Task prompt:
Begin at the line holding "24 piezas Uña" and set down exactly each line through the last one below, omitting pictures. Include nothing else.

Stored data:
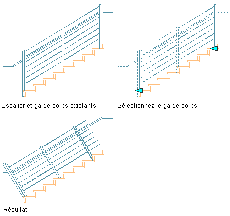 Une fois l'orientation de garde corps perpendiculaire définie, vous pouvez utiliser des poignées pour attribuer une orientation verticale aux premier et dernier poteaux.
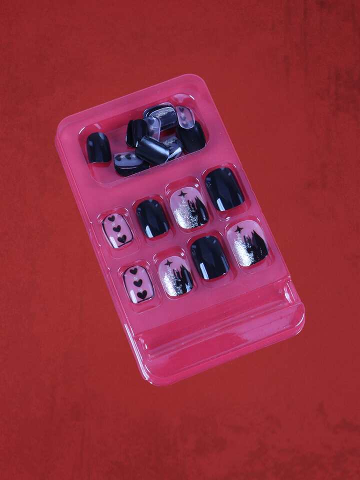 24 piezas Uña postiza largo cuadrado con patrón de corazón & 1 hoja cinta
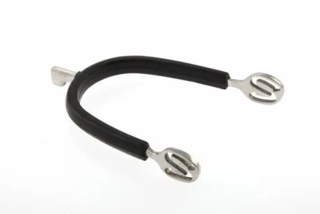 Eperon pessoa à tête marteau en inox est recouvert de caoutchouc noir antidérapant. Les oeillets en S aide au positionnement de la lanière sur la cheville et offre plus de maintien.

Result:
 24 piezas Uña postiza largo cuadrado con patrón de corazón & 1 hoja cinta
 Eperon pessoa à tête marteau en inox est recouvert de caoutchouc noir antidérapant. Les oeillets en S aide au positionnement de la lanière sur la cheville et offre plus de maintien.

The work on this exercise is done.